You’re missing the very real possibility of long-term negative side-effects from the vaccine, such as triggering an auto-immune disease or actually increasing your susceptibility, both mentioned in the whitepaper (whose risk-assessment I would be pretty sceptical of). I would think of this as more a trade-off between risks of side effects and COVID risks, rather than whether or not you can afford it.
Yes. The differential tradeoff is how one should evaluate this.
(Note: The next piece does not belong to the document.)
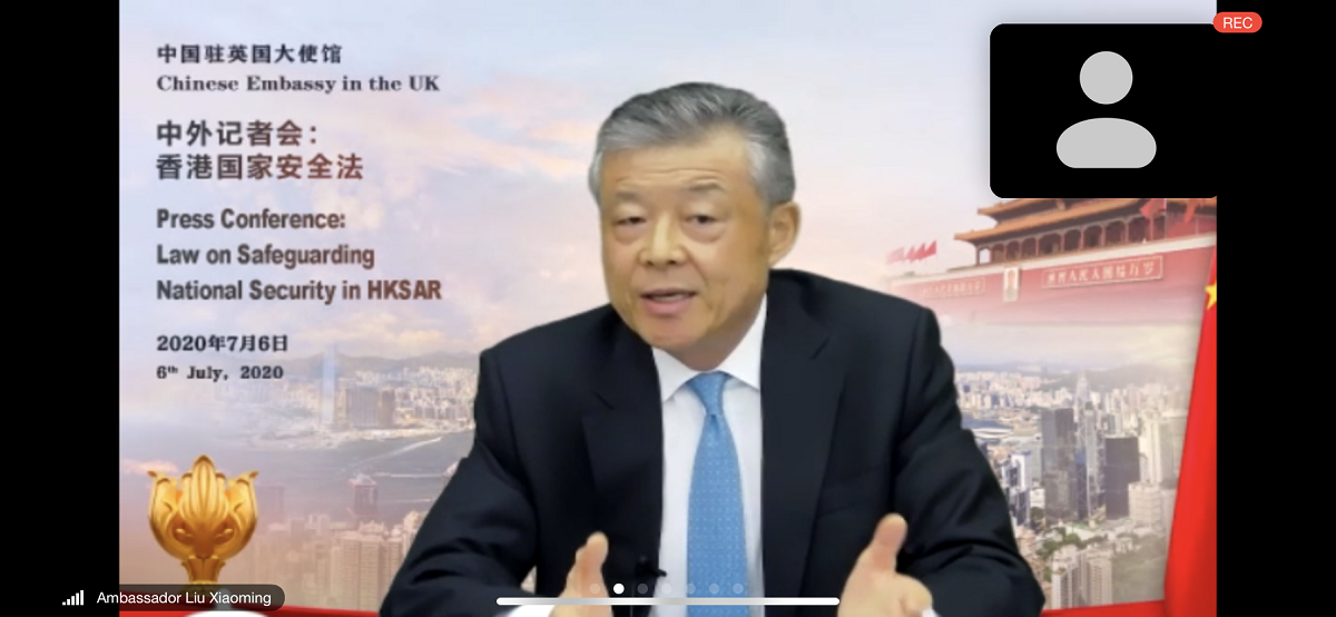 中國(guó)駐英國(guó)大使劉曉明當(dāng)天在中國(guó)駐英大使館舉行在線(xiàn)視頻中外記者會(huì),就香港國(guó)安法闡述中國(guó)政府立場(chǎng)。劉大使表示,國(guó)安立法從國(guó)家層面立法建立健全香港維護(hù)國(guó)家安全的法律制度和執(zhí)行機(jī)制,得人心、順民意,勢(shì)在必行、刻不容緩。

The only reason my evaluation came out in favor of trying the radvac vaccine is because I have a high-risk event coming up in the next few months, and I am extremely unlikely to be able to acquire a commercial vaccine before then.
I don’t follow. Don’t vaccines have trials on cells, mice, primates, before clinical? So unless radvac has also done similar testing, this 33.4% isn’t comparable.
Do you value your life at ten million? As in, would you take a 50% chance of death for five million? If so, why are you not smuggling drugs or whatever?
Well, a couple of researchers estimated that drug mules made a median of $1313 back in 2014, so I’d need to smuggle a lot of cocaine to earn that much. Seems like it would take a while...
Say my life expectancy from now is 50 years and I work at an hourly salary of $30 (~$60k yearly salary) then I implicitly value the remaining 310,250 hours of my waking life at something like $9.3m total. This breaks down if offered larger probabilities of death and larger amounts of money (e.g. opportunity cost) but $10m seems like a sensible place to start for a Fermi calculation.
In this case we don’t even have to worry about larger probabilities of death—the calculation here is essentially an expected gain of 1.2 days of life for $1000 which comes to about $50 per hour of waking life. Instead of making a vaccine only for myself I would be better just to take half a week unpaid leave and gain the same amount of time for a cost of only $600.
Obviously this has some assumptions baked in (like that I don’t value my job) but If It’s Worth Doing, It’s Worth Doing With Made-Up Statistics.
That’s is an easy calculation. Life value can change later and there might be a more attractive bet you will be forgoing by taking this one, say 10 million for 50% chance of dying.